Data section:
------------------------

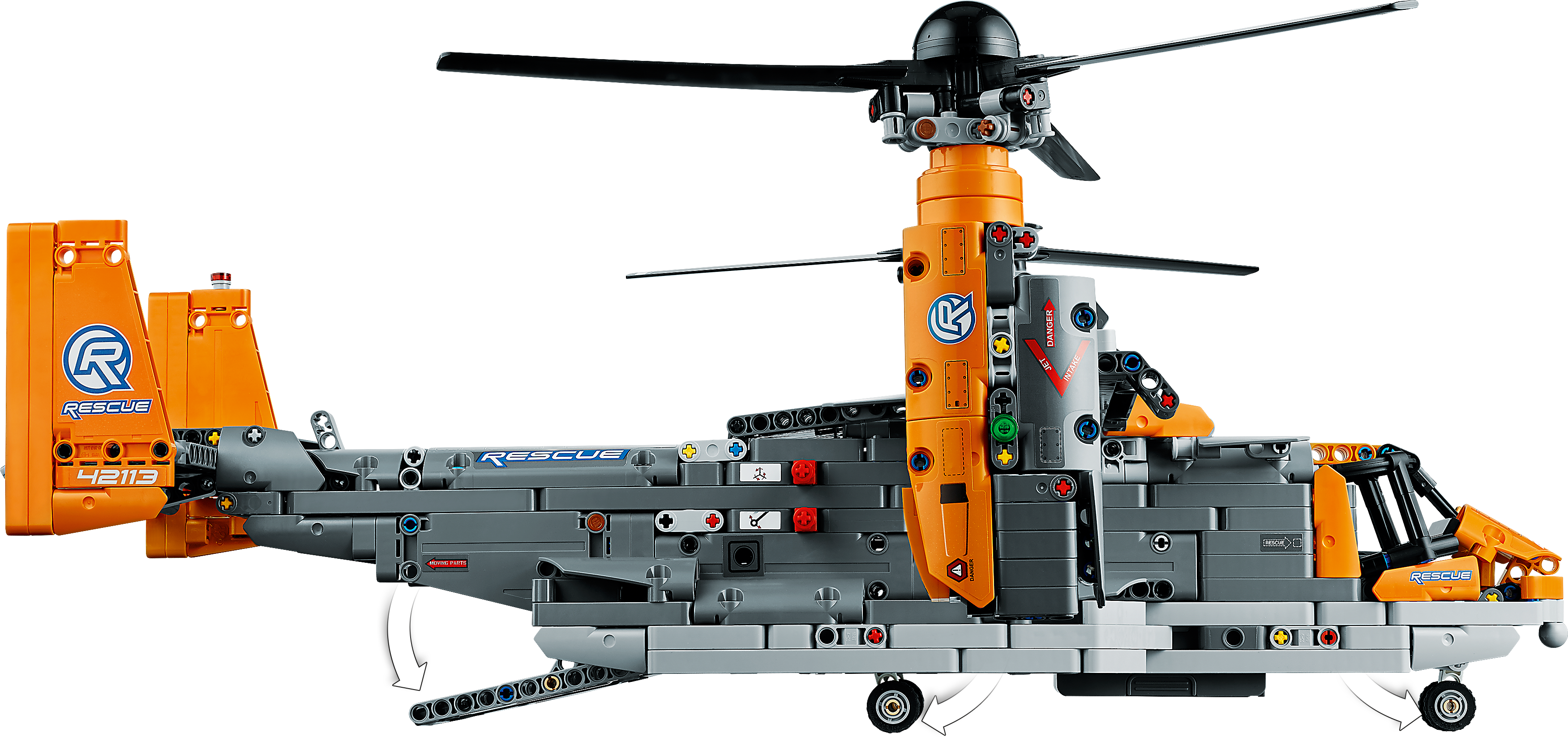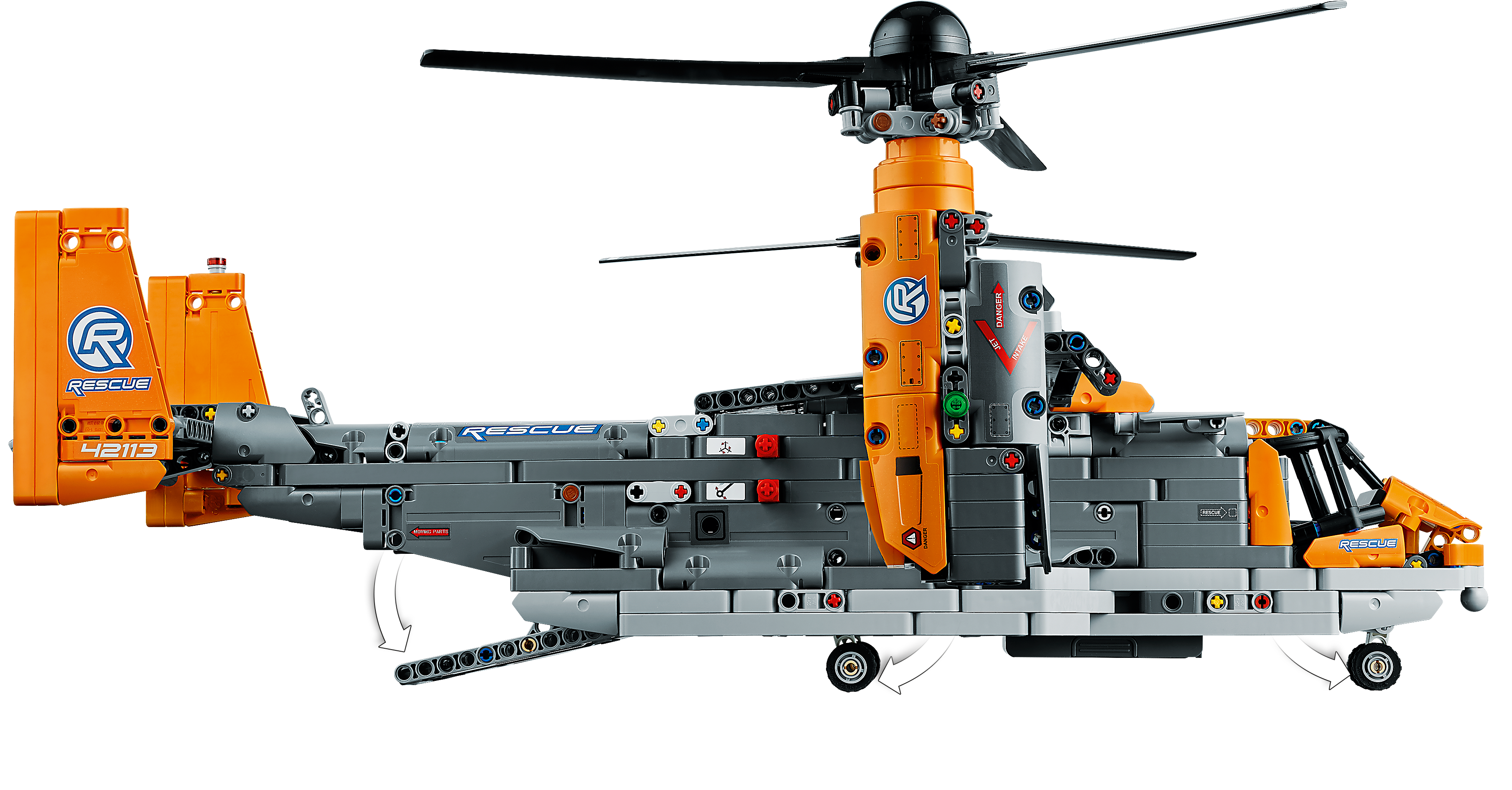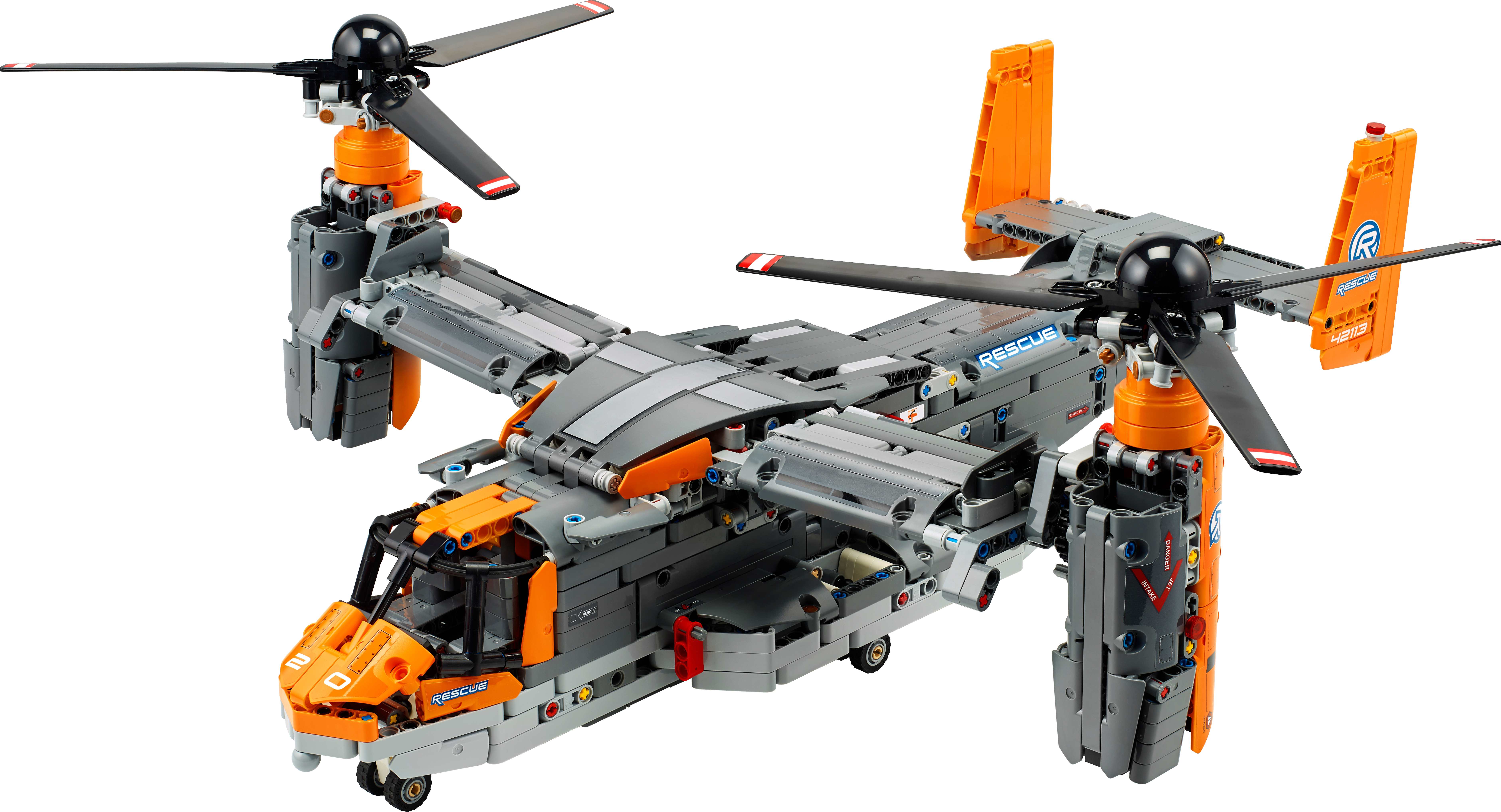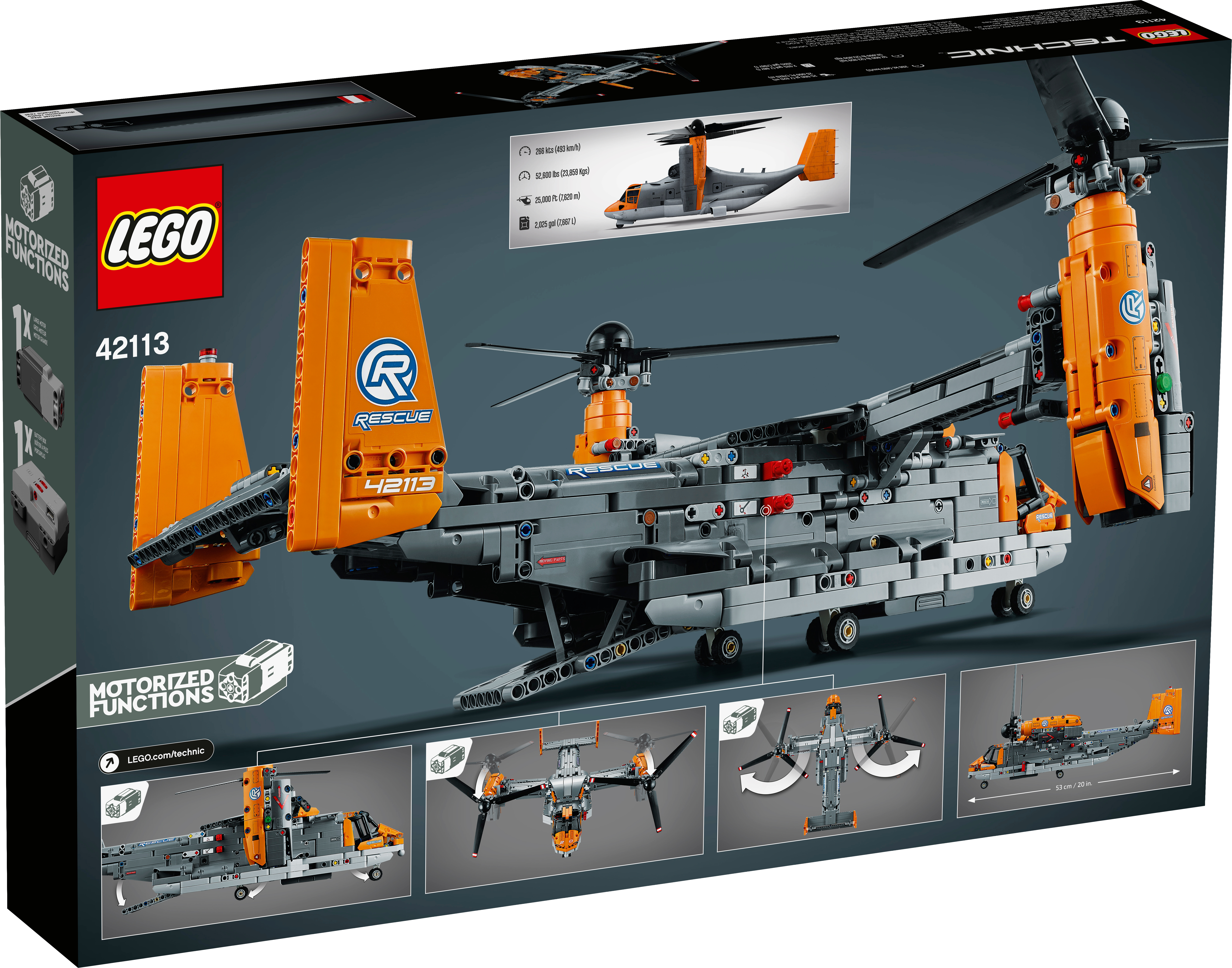 Packed with realistic details for imaginative play Kids will love exploring this feature-packed aircraft. Power up your build with the included battery box and large motor to bring the toy aircraft model to life. Control the retractable landing gear and rotate the nacelles to switch from vertical take-off mode to flight mode. Authentic details include a gearbox with four different functions, plus an opening cargo bay door and spinning propellers.
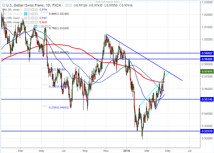 - USD/CHF was trading higher and jumped more than 70 pips. It hits fresh 3- month high at 0.97414. The Swiss franc was trading weak against all pairs as SNB Chairman Jordan said in interview that the depreciation of Swiss Franc is in right direction and there’s no need to change monetary policy at this moment. The easing geo political tensions in Middle East and Korea also supporting prices. It is currently trading around 0.97370.
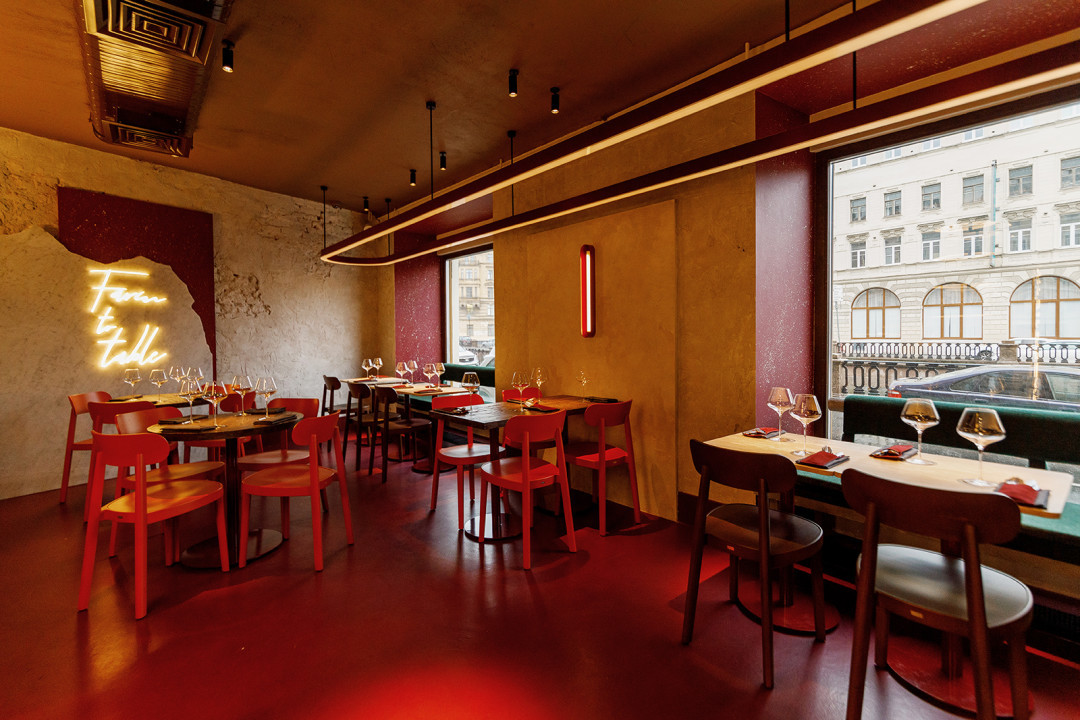 Свой винный бар создатели пиццерии «22 сантиметра» и мясного ресторана Red. Steak & Wine Эльдар Кабиров и Андрей Петухов сразу объявили пространством эксперимента, и теперь следуют обещанию, регулярно устраивая привозы заслуженных шефов из Москвы и регионов. Шеф-повар заведения Константин Опескин тоже не отстает: предлагает севиче из томатов, с физалисом и виноградом, тартар из оленя с маринованным одуванчиком и супер-хит – брауни с авокадо и трюфелем.
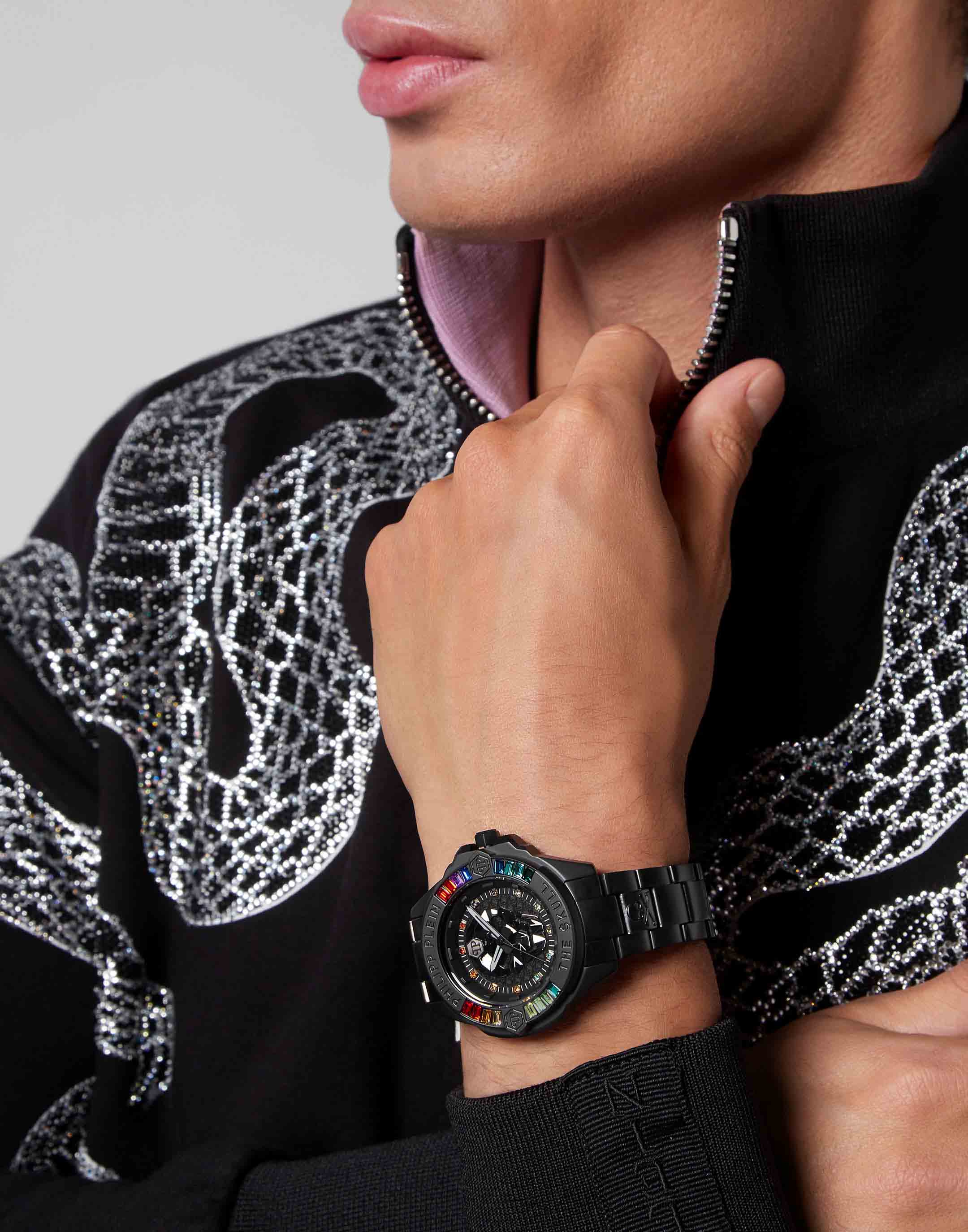 Яркие унисекс часы с минеральным стекломМинеральное стеклоМинеральное стекло представляет собой искусственно выращенный минерал кварца. Такое стекло отличается особой устойчивостью к повреждениям и царапинам. Уступает по некоторым качествам сапфировому стеклу. Philipp Plein The Skull PWNAA0522, кварцевый механизм с высокой точностью. Класс водозащиты: 50 метров, позволит защитить корпус от случайных брызг или капель дождя. Корпус часов изготовлен из стали с IP-покрытиемIP-покрытиеМетод ионного напыления. Демонстрирует повышенную устойчивость к истиранию, окислению и химическим веществам. Под воздействием высокого давления и температуры около 1500°C молекулы металла надёжно соединяются с частицами корпуса часов.. Круглый стальной корпус украшен кристаллами Swarovski. Циферблат с метками в виде точек украшенных кристаллами Swarovski, дополнен трехмерным граненым черепом. Шестигранная заводная головка с защитой. Застёжка бабочка с кнопкамиЗастёжка "бабочка"Такой вид застёжки дополняется предохранителями, помогающими избежать случайного раскрытия браслета. Обладают изящным исполнением.
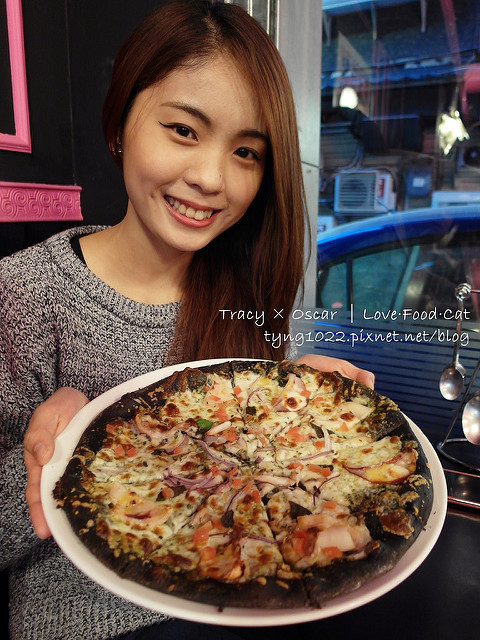 ▲兇猛深海墨魚披薩~名字聽起來很厲害的樣子!大小是十吋,但是因為是薄皮的,
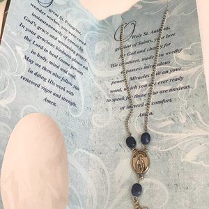 Vintage St Saint Anthony Peregrine Cross Necklace Medal Catholic 21" Blue Beads
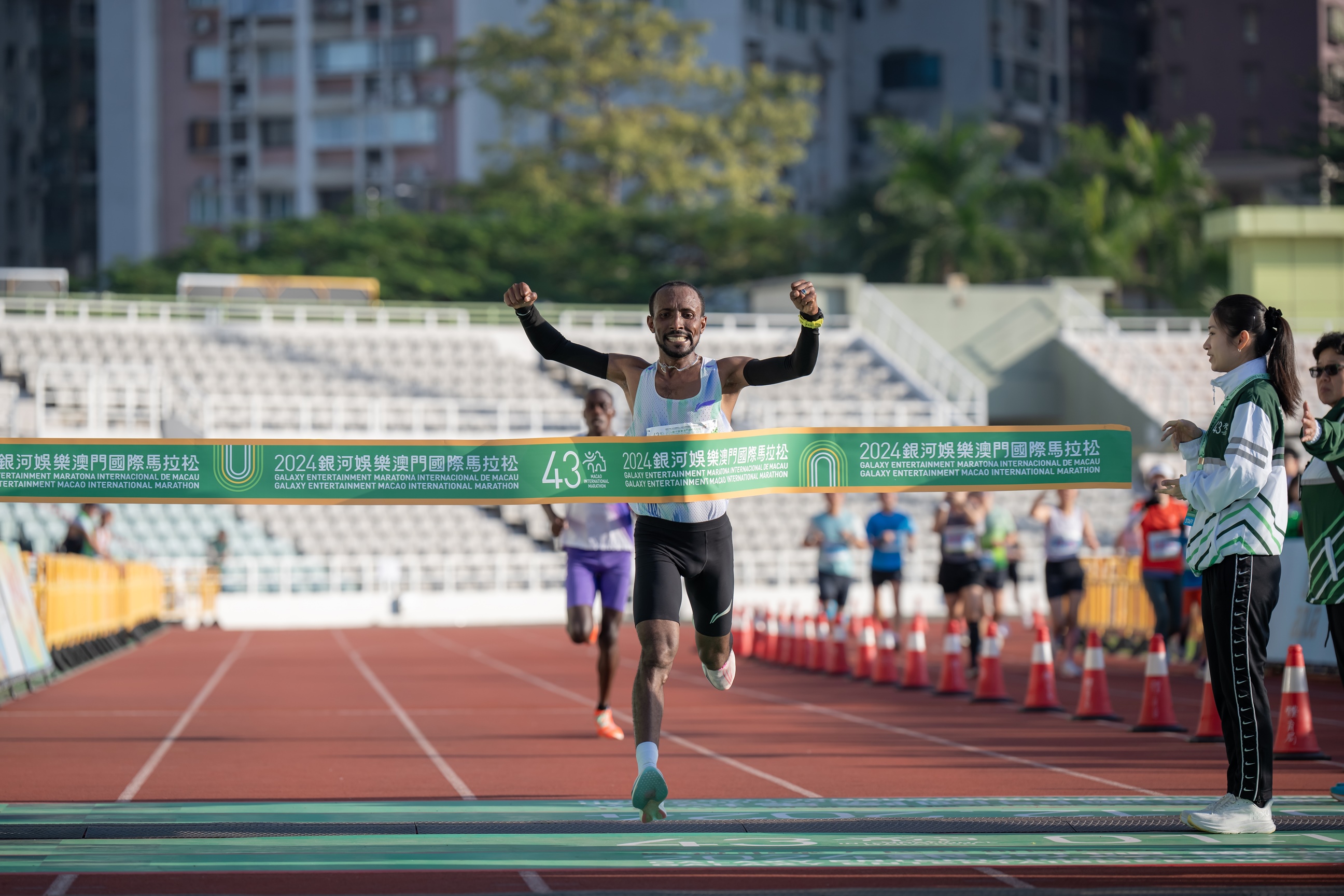 【即時新聞】由體育局、銀河娛樂集團及澳門田徑總會主辦的「慶祝中華人民共和國成立75周年及澳門特別行政區成立25周年 - 2024銀河娛樂澳門國際馬拉松」今(1)日於奧林匹克體育中心運動場圓滿舉行,馬拉松男子全程組別,來自埃塞俄比亞的狄比尼勇奪冠軍,成功衛冕,女子全場組別由俄羅斯莫素娃封后;而王坤則贏得馬拉松澳門運動員男子組的冠軍,更刷新澳門紀錄,澳門運動員女子組冠軍由吳楊楊勇奪。
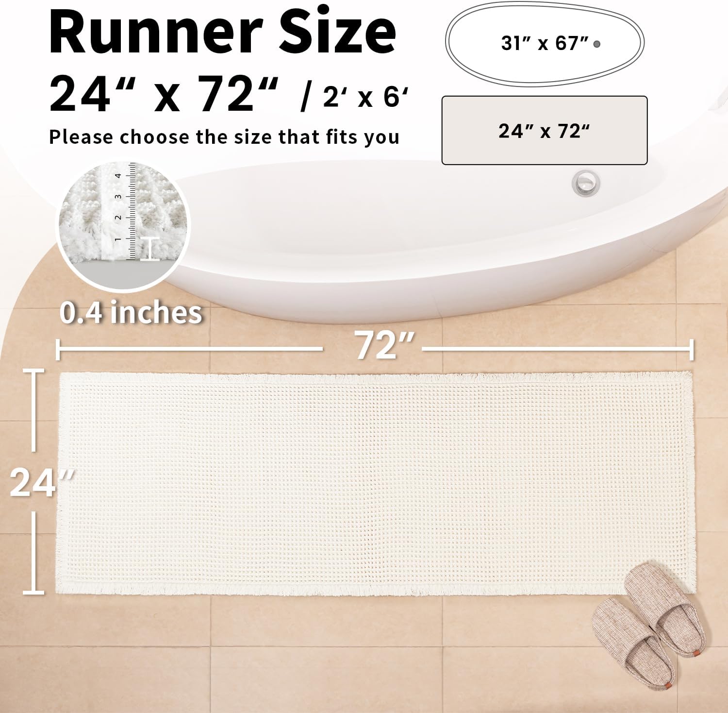 White Long Bathroom Rugs, Waffle Runner Bath Mat Non Slip Washable, Super Absorbent & Quick Dry, Boho Bath Mat Farmhouse Bathroom Decor, 24'' x 72'', White

------------------------

Instructions to follow:
Excluding the pictures, transcribe each entry above word for word.

Solution to this task:
 Packed with realistic details for imaginative play Kids will love exploring this feature-packed aircraft. Power up your build with the included battery box and large motor to bring the toy aircraft model to life. Control the retractable landing gear and rotate the nacelles to switch from vertical take-off mode to flight mode. Authentic details include a gearbox with four different functions, plus an opening cargo bay door and spinning propellers.
 - USD/CHF was trading higher and jumped more than 70 pips. It hits fresh 3- month high at 0.97414. The Swiss franc was trading weak against all pairs as SNB Chairman Jordan said in interview that the depreciation of Swiss Franc is in right direction and there’s no need to change monetary policy at this moment. The easing geo political tensions in Middle East and Korea also supporting prices. It is currently trading around 0.97370.
 Свой винный бар создатели пиццерии «22 сантиметра» и мясного ресторана Red. Steak & Wine Эльдар Кабиров и Андрей Петухов сразу объявили пространством эксперимента, и теперь следуют обещанию, регулярно устраивая привозы заслуженных шефов из Москвы и регионов. Шеф-повар заведения Константин Опескин тоже не отстает: предлагает севиче из томатов, с физалисом и виноградом, тартар из оленя с маринованным одуванчиком и супер-хит – брауни с авокадо и трюфелем.
 Яркие унисекс часы с минеральным стекломМинеральное стеклоМинеральное стекло представляет собой искусственно выращенный минерал кварца. Такое стекло отличается особой устойчивостью к повреждениям и царапинам. Уступает по некоторым качествам сапфировому стеклу. Philipp Plein The Skull PWNAA0522, кварцевый механизм с высокой точностью. Класс водозащиты: 50 метров, позволит защитить корпус от случайных брызг или капель дождя. Корпус часов изготовлен из стали с IP-покрытиемIP-покрытиеМетод ионного напыления. Демонстрирует повышенную устойчивость к истиранию, окислению и химическим веществам. Под воздействием высокого давления и температуры около 1500°C молекулы металла надёжно соединяются с частицами корпуса часов.. Круглый стальной корпус украшен кристаллами Swarovski. Циферблат с метками в виде точек украшенных кристаллами Swarovski, дополнен трехмерным граненым черепом. Шестигранная заводная головка с защитой. Застёжка бабочка с кнопкамиЗастёжка "бабочка"Такой вид застёжки дополняется предохранителями, помогающими избежать случайного раскрытия браслета. Обладают изящным исполнением.
 ▲兇猛深海墨魚披薩~名字聽起來很厲害的樣子!大小是十吋,但是因為是薄皮的,
 Vintage St Saint Anthony Peregrine Cross Necklace Medal Catholic 21" Blue Beads
 【即時新聞】由體育局、銀河娛樂集團及澳門田徑總會主辦的「慶祝中華人民共和國成立75周年及澳門特別行政區成立25周年 - 2024銀河娛樂澳門國際馬拉松」今(1)日於奧林匹克體育中心運動場圓滿舉行,馬拉松男子全程組別,來自埃塞俄比亞的狄比尼勇奪冠軍,成功衛冕,女子全場組別由俄羅斯莫素娃封后;而王坤則贏得馬拉松澳門運動員男子組的冠軍,更刷新澳門紀錄,澳門運動員女子組冠軍由吳楊楊勇奪。
 White Long Bathroom Rugs, Waffle Runner Bath Mat Non Slip Washable, Super Absorbent & Quick Dry, Boho Bath Mat Farmhouse Bathroom Decor, 24'' x 72'', White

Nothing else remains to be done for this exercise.